The sum of the first 10 terms of an arithmetic series is 145 and the sum of its fourth and ninth term is five times the third the..determine the first term and constant difference
To determine the first term and constant difference of the arithmetic series, we can use the given information about the sum of the first 10 terms and the relationship between the fourth, ninth, and third terms.
Let's break down the problem step by step:
Step 1: Find the formula for the sum of an arithmetic series.
The formula for the sum of an arithmetic series is given by:
S = (n/2) * (2a + (n-1)d)
where:
S is the sum of the series
n is the number of terms in the series
a is the first term of the series
d is the constant difference between the terms
Step 2: Use the given sum of the first 10 terms to find the equation.

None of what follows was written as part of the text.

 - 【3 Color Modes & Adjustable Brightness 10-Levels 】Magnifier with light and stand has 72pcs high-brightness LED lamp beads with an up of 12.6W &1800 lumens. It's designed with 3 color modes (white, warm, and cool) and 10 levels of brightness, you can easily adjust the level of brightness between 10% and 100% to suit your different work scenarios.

We are told that the sum of the first 10 terms is 145. Substituting this information into the arithmetic series formula:
145 = (10/2) * (2a + (10 - 1)d)
Simplifying further:
145 = 5(2a + 9d)
29 = 2a + 9d -- Equation 1
Step 3: Use the given relationship between the fourth, ninth, and third terms to find the equation.
We are told that the sum of the fourth and ninth term is five times the third term. Let's represent these terms as:
Third term: a + 2d -- Equation 2
Fourth term: a + 3d
Ninth term: a + 8d
According to the given information:
(a + 3d) + (a + 8d) = 5(a + 2d)
Simplifying the equation:
2a + 11d = 5a + 10d
-3a = -d
d = 3a -- Equation 3
Step 4: Solve the system of equations.
Now, we can substitute Equation 3 into Equation 1 to solve for a and d:
29 = 2a + 9(3a)
29 = 2a + 27a
29 = 29a
a = 1
Using this value of a, we can find d:
d = 3a
d = 3(1)
d = 3
Therefore, the first term of the arithmetic series is 1 and the constant difference is 3.
10/2(2a+9d) = 145
a+3d + a+8d = 5(a+2d)
a=1
d=3
To find the first term (a) and the common difference (d) of an arithmetic series, we can use the given information.

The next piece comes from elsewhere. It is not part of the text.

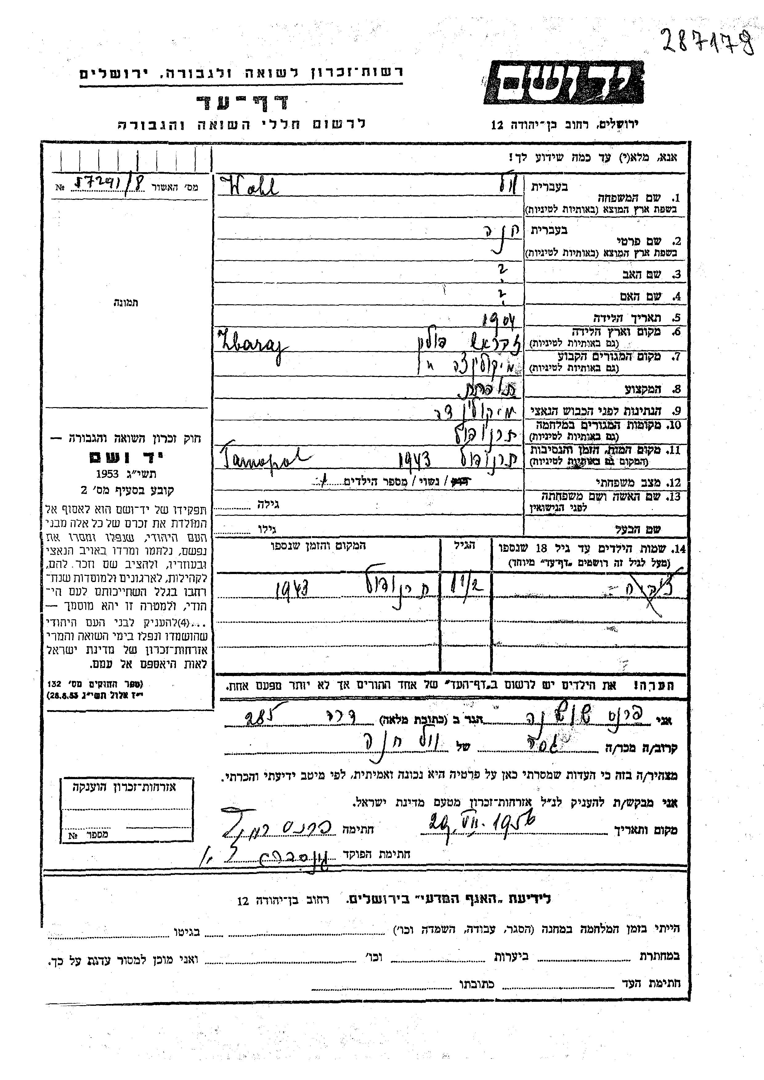 יד ושם - המפעל להנצחת השמות בדפי עד

Let's first find the sum of the arithmetic series using the formula:
Sn = n/2 * (2a + (n-1)d)
where Sn represents the sum of the first n terms, a is the first term, and d is the common difference.
From the given information:
1) Sum of the first 10 terms = 145:
145 = 10/2 * (2a + (10-1)d)
145 = 5 * (2a + 9d)
29 = 2a + 9d ...........(Equation 1)
2) Sum of the fourth and ninth term is five times the third term:
a + 3d + a + 8d = 5(a + 2d)
2a + 11d = 5a + 10d
5d = 3a ...........(Equation 2)
Now, we have a system of equations (Equation 1 and Equation 2) that we can solve to find the values of a and d.
To do so, let's isolate a in Equation 2:
3a = 5d
a = 5/3 * d
Substitute this value of a into Equation 1:
29 = 2(5/3 * d) + 9d
29 = 10/3 * d + 9d
87 = 10d + 27d
87 = 37d
Now, solve for d:
d = 87/37
d = 2.3514 (approximately)
Substitute the value of d back into Equation 2 to find a:
a = 5/3 * (2.3514)
a = 3.9189 (approximately)
Therefore, the first term (a) is approximately 3.9189 and the common difference (d) is approximately 2.3514.